In addition, a modified NRD9.3_W factor was proposed to take into account different relative importance of the different nutrients by assigning different weights (Equation (6)), where kr_i and km_i represent the weighting factors for encouraging nutrients and limiting nutrients, respectively. Some restrictions were fixed to assure the consideration of all the nutrients (Equations (7)–(10)).

$$\mathrm{NRD}9{.3}_{\mathrm{W}}={\displaystyle \sum }_{\mathrm{i}=1}^{\mathrm{i}=9}{\mathrm{kr}}_{\mathrm{i}}\frac{{\mathrm{NRIcap}}_{\mathrm{i}}}{{\mathrm{RV}}_{\mathrm{i}}}·100-{\displaystyle \sum }_{\mathrm{i}=1}^{\mathrm{i}=3}{\mathrm{km}}_{\mathrm{i}}\frac{{\mathrm{LNI}}_{\mathrm{i}}}{{\mathrm{MV}}_{\mathrm{i}}}·100$$

(6)

$${\displaystyle \sum }_{\mathrm{i}=1}^{\mathrm{i}=9}{\mathrm{kr}}_{\mathrm{i}}=9$$

(7)

$${\mathrm{kr}}_{\mathrm{i}}\ge 0.5$$

(8)

$${\displaystyle \sum }_{\mathrm{i}=1}^{\mathrm{i}=3}{\mathrm{km}}_{\mathrm{i}}=3$$

(9)

$${\mathrm{km}}_{\mathrm{i}}\ge 0.2$$

(10)

The environmental target was based on the diet’s GHG emissions. To assess these, the cradle-to-consumption GHG emissions of all the food products within the food basket of a given diet were considered. For each product, a corresponding unitary GHG emissions value (E_i) (measured as t CO₂eq./kg of product i, taking into account the model developed by Batlle-Bayer et al. [4]) was provided, and the total emissions of the diet were calculated as the sum of these unitary emissions multiplied by the intake of each product (Q_i) (measured as kg of product i):

$$\mathrm{GHG}={\displaystyle \sum }_{\mathrm{i}=1}^{\mathrm{i}=63}{\mathrm{Q}}_{\mathrm{i}}{\times \mathrm{E}}_{\mathrm{i}}$$

(11)

Likewise, the economic impact of the diets was evaluated, considering the total costs of the food products (TC). For each product, a corresponding unitary cost (C_i) (measured as €/kg of product i) was assumed and the total costs of the diet were calculated as the sum of these unitary prices multiplied by the intake of each product (Q_i):

$$\mathrm{TC}={\displaystyle \sum }_{\mathrm{i}=1}^{\mathrm{i}=63}{\mathrm{Q}}_{\mathrm{i}}{\times \mathrm{C}}_{\mathrm{i}}$$

(12)

The three sustainable indicators proposed in this study were normalized in order to obtain values between 0 and 1, which allow the application of a normalized weighted distance approach. On the one hand, the NRD9.3 index was normalized taking into account the maximal theoretical value it can take, which was 900 when all the encouraging nutrients were fully covered, and the limiting nutrients were totally avoided (Equation (13)). On the other hand, the normalization of the environmental and economic indices was based on the comparison with the maximal value resulted from the evaluation of the different diets (Equations (14) and (15)).

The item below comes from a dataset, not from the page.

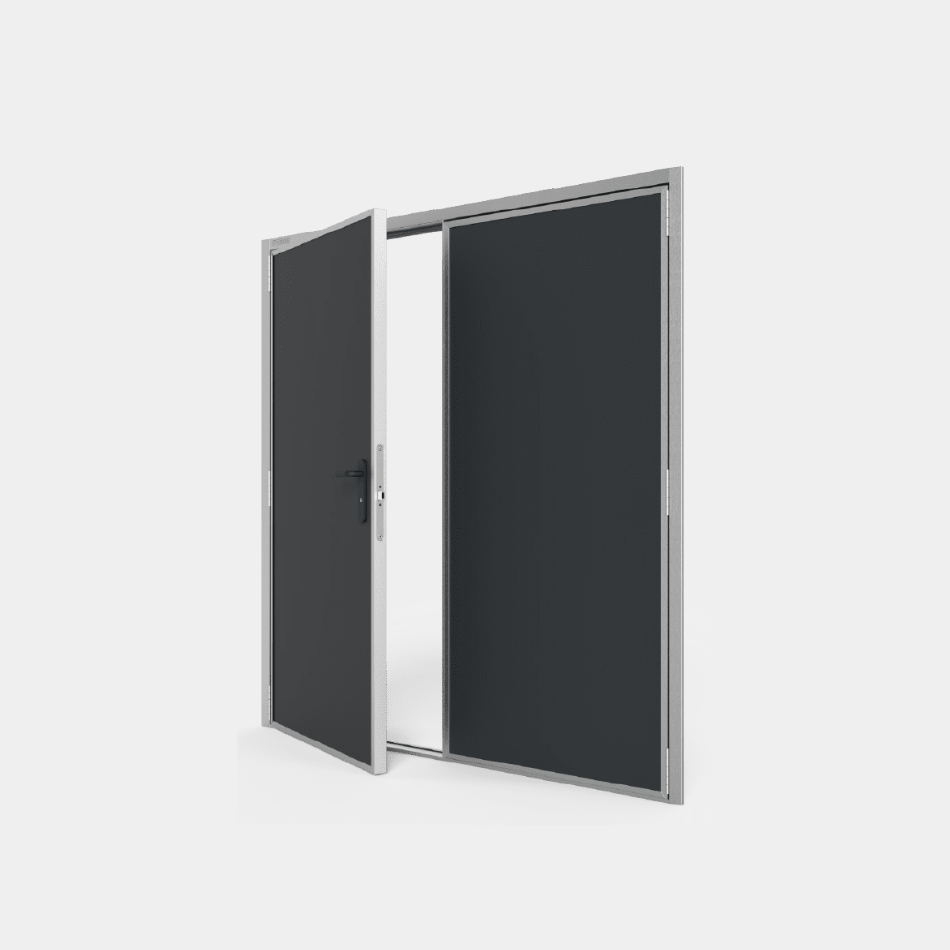 Sandwichpaneel Dubbele deuren zijn ideaal wanneer regelmatig groot materiaal in of uit de ruimte moet. Dankzij de RVS-omranding, sandwich- of polyester panelen en degelijke afwerking zijn ze robuust, onderhoudsarm en geschikt voor binnen- en buitentoepassingen. Leverbaar in maatwerk, met actieve linker- of rechterdeur en optioneel voorzien van kunststof of RVS raamkozijnen. Snel leverbaar, ook in afwijkende maten.

$${\mathrm{X}}_{\mathrm{NUTR}}=\frac{\mathrm{NRD}9.3}{900}$$

(13)

$${\mathrm{X}}_{\mathrm{ENV}}=\frac{\mathrm{GHG}}{{\mathrm{GHG}}_{\max }}$$

(14)

$${\mathrm{X}}_{\mathrm{Ec}}=\frac{\mathrm{TC}}{{\mathrm{TC}}_{\max }}$$

(15)

In this case, the multi-objective optimization included the maximization of the nutritional index (X_{NUTR target} = 1) and the simultaneous minimization of the environmental and economic indices (X_{ENV target} = X_{EC target} = 0), which define the target values required to assess the normalized weighted distance D_n.

It must be remarked that the developed methodology is not absolute and must be adapted to each scenario. The normalization of the economic and environmental indexes, taking into account the product with the highest cost or environmental footprint, is totally senseless since a unique product cannot satisfy the nutritional requirements of a diet.

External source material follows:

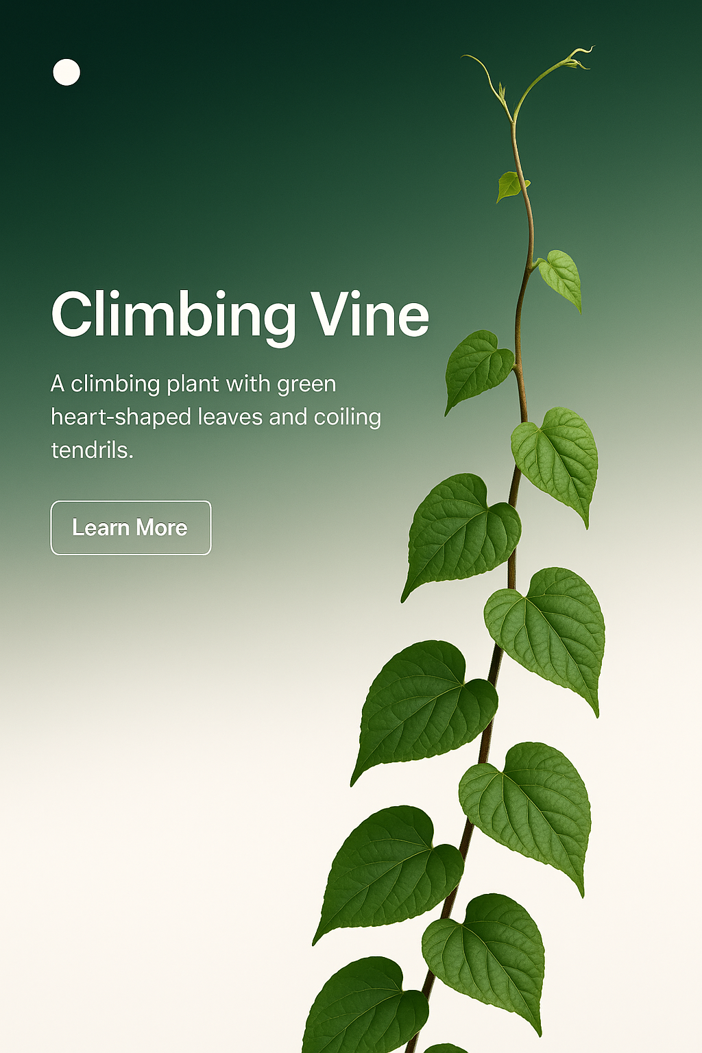 /Collection: /by davooda/Type: PNG/A realistic depiction of a climbing vine plant with heart-shaped leaves and coiling tendrils. The background features a gradient transitioning from dark to white, enhancing the design.

The optimization process was subject to nutritional constraints. Firstly, the energy content (EN) was limited to be equal to 2228 kcal/day (Equation (16)). Secondly, the intake of at least the daily recommended values of the 9 encouraging nutrients was imposed (Equation (17)). Finally, the maximum recommended values of the 3 limiting nutrients in the diet were defined as limits that must not be exceeded (Equation (18)).

$${\displaystyle \sum }_{i = 1}^{i = 63}{Q}_i\times E{N}_i=2228$$

(16)

$${\mathrm{NRI}}_{\mathrm{i}}\ge {\mathrm{RV}}_{\mathrm{i}}$$

(17)

$${\mathrm{LNI}}_{\mathrm{i}}\le {\mathrm{MV}}_{\mathrm{i}}$$

(18)

Additionally, an acceptability constraint was proposed to limit the deviation from the baseline diet in order to ensure that the food products consumed in the pre-defined diets do not get reduced or increased to extreme levels. It was assumed that the optimized amounts, in grams, must range between threshold values (Tv) around the baseline amount (Q_{i base}) as expressed in Equation (19) [20].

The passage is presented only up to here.